When she finally talked, her whisper was impeded. “But you blasted away the one who was threatening him as you ran to me. You gave no one a chance to use him as shield or to harm him.”

“I should have run to him, should have shielded him. As my crown prince, he should have been my only priority. Instead, I made that you.”

“But you managed to save him and everyone else.”

“Only because I managed to compensate, as I said. Najeeb could have gotten shot before I ended the threat to him. And knowing full well the widespread damage his injury or death would have caused, retaliations that would have reaped far more than five hundred lives, I still risked that.”

Time seemed to stretch as bewilderment glimmered in her gemlike eyes.

She let out a shaky breath. “So what are you saying? That you took one look at me and were so bowled over you decided to risk everyone’s lives—including your own—for me?”

“No. That’s not what I’m saying. I was...bowled over a bit before that.”

He watched her mouth drop open. This was news to her. He’d never intimated that he’d seen her before that day. But he’d seen her over two years earlier, had searched her out many times afterward.

“But it was the first time I’d seen you!”

“I saw no upside in letting you see me, or in acting on my interest. You were, as you pointed out so many times when we were together, an Aal Masood...and I was an Aal Ghaanem. The Montagues and Capulets didn’t have a thing on our moronically feuding houses. I also didn’t think it would be wise or fair to ever involve a woman in my crazy existence.” He exhaled. “Then I saw you in danger and every rational thought flew out the window.”

Her eyes filled with so much; he struggled not to drag her to him and kiss them closed.

Then they emptied of everything, leaving only hardness. “Why are you telling me this now?”

He shrugged. “I am testing your claim that you know everything. I just proved that you don’t.”

“You proved only that you spin a good yarn. As I already knew you did. Is this one supposed to appeal to my ego?”

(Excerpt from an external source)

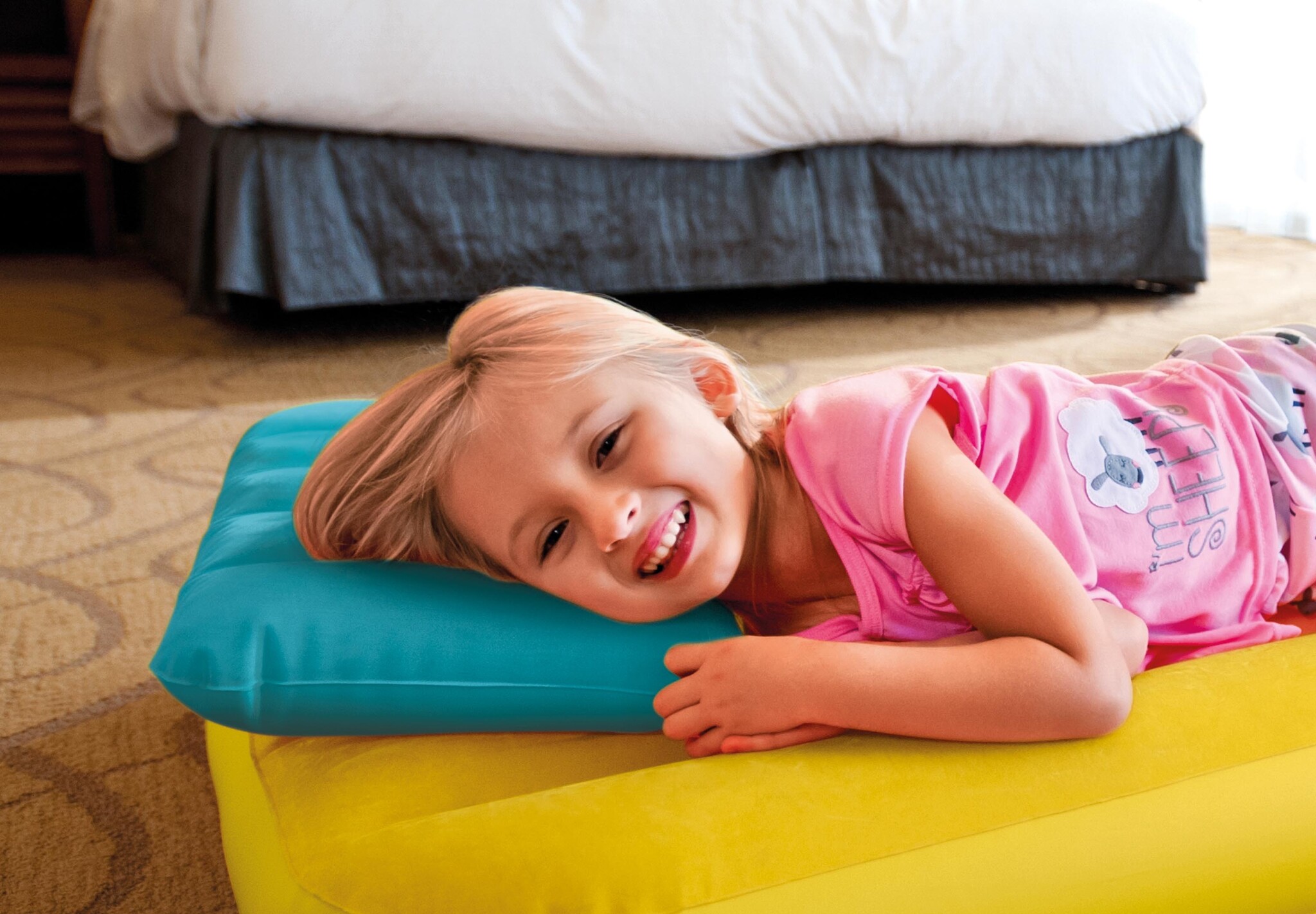 De opblaasbare Kidz kussen is erg handig om mee te nemen voor lange reizen met de auto, vliegtuig of de trein. Neem hem ook mee op vakantie. Want slapen op een luchtmatras met een Kidz Kussen is natuurlijk wel zo comfortabel voor uw kinderen. Dit reiskussen voor kinderen ondersteunt het hoofd en een extra zachte toplaag van 'flock materiaal' zorgt voor net wat extra comfort.

A mirthless huff escaped him. “You think I’m making this up? Why? To butter you up for my current purposes? I wish. As someone who knows what a bullet feels like ripping through my flesh, I would have preferred one to admitting how fallible I am, how unprofessional I was, how I risked everyone’s lives to protect a woman who didn’t know me...whom I believed could never be mine.”

Steel mixed with gold in her gaze, clearly not buying his admissions. Funny. If he’d ever thought he’d confess this to her, he wouldn’t have dreamed this would be her reaction.

Might as well confess the rest, let her make whatever she wished of it. “When I burst in and I met your eyes, saw that mixture of terror and courage and fury...I couldn’t imagine I wouldn’t be able to look in those eyes again, to get the chance to know you. My instincts took over...and I let them.”

She averted those eyes, depriving him of their touch. “Yet after you went to such lengths to save me, you didn’t follow up on your wish to ‘know’ me. Not for over a year.”

He exhaled heavily. “I might have saved the day, for you and for everyone else, but I knew how badly I messed up. I guess I was punishing myself for failing to fulfill my duty and couldn’t reward my failure by giving myself the gift of knowing you, the one behind my lapse.”